I have a 2008 Altima 3.5 SL. yesterday I tryed to start and no dash light or noise at all. Checked everything to make sure it was set to start. nothing. I put the fob in the port and the sam reaction, nothing. I should not say nothein in both instanses the ingintion would cyle from off to acc to on. and a dash light ( car with key ) would glow temperarly. the dome lights worked. I had some power, but not enought to engage the starter. 
I called road sid service and they sent out a jump. It jumped right away. I drove it to Nissan dealer and they check out the total electric sytem and it cheked out prefectly. No bad battery are Volt reg ect. 
I did have the headlights on Auto mode. This moring I waited to see if the head lights turned off. they did. I don't have an answer but I want to add to you thread and see if any others have had the same thing.


----------



## vrefron (Dec 18, 2007)

The '07 and up Altimas come from the factory with weak batteries. We have 3 a week come in with this complaint. A new battery ALWAYS fixes the concern. The problem is, the battery tester Nissan makes it's dealers use often will not see a problem with the battery, and if it doesn't give us a failure code, we can't get the warranty claim paid.

I love Nissan, and I work at a dealership. This is not the dealer's fault. This is Nissan not taking care of a mistake that they continue to make.

----------------
Now playing: Metallica - Nothing Else Matters
via FoxyTunes


----------



## Fermenter (Jul 30, 2009)

*2007+ Altima*

Thanks for the information. I will kee it in mind.

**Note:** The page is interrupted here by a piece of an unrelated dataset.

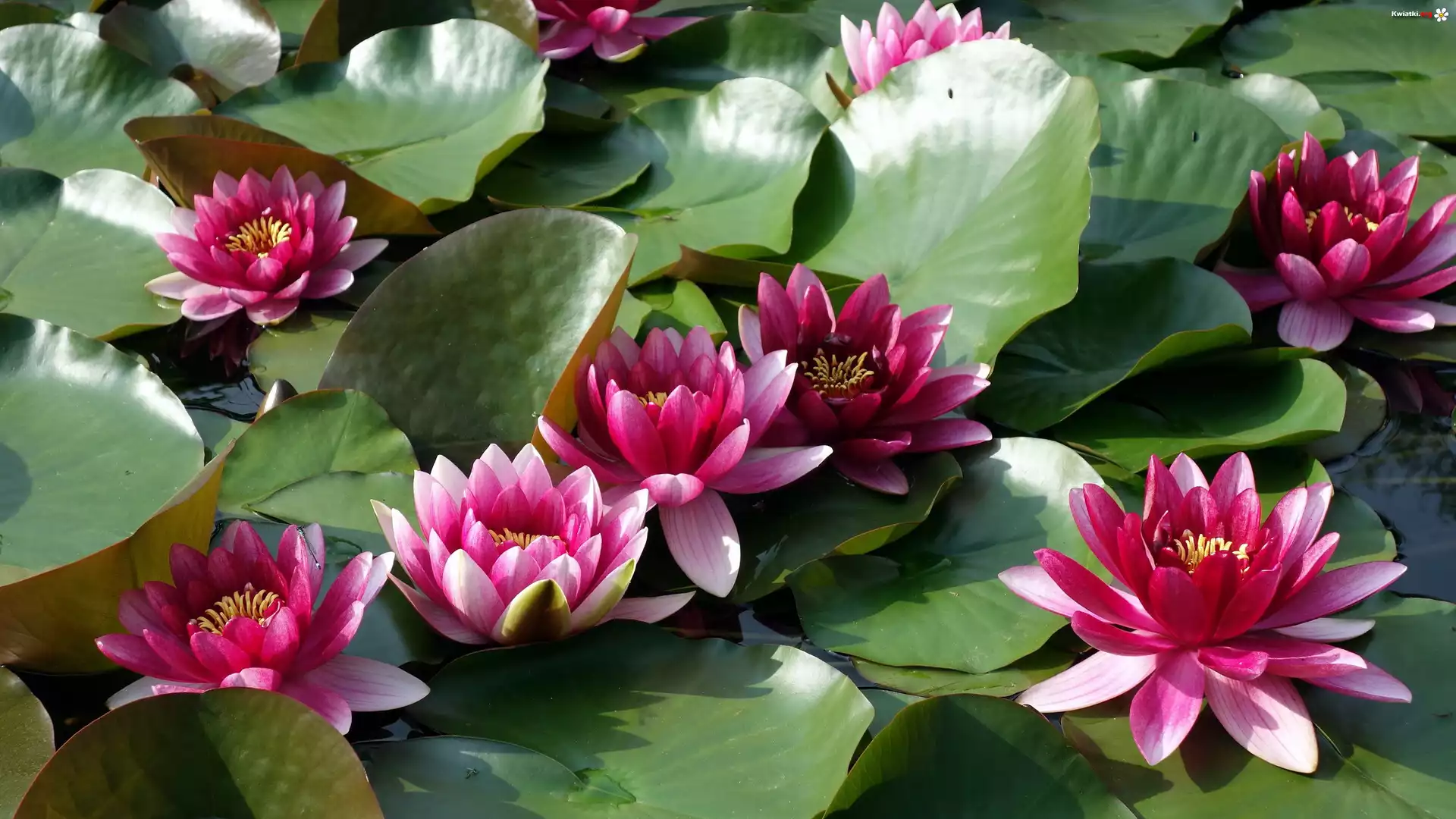 Kwiat Różowe, Kwiaty, Lilie wodne, Liście

I might think it would be pointed out that it would cost less to pay for a new battery than to send someone out with a jump? :lame:


----------



## PbLead (Aug 8, 2009)

Check to see if your brake lamps work. There have been alot of problems with the brake lamp switch. If that goes out it will do exactly what it's doing now.


----------



## Fermenter (Jul 30, 2009)

Thnks for the information. I will have someone check the brake switch out.


----------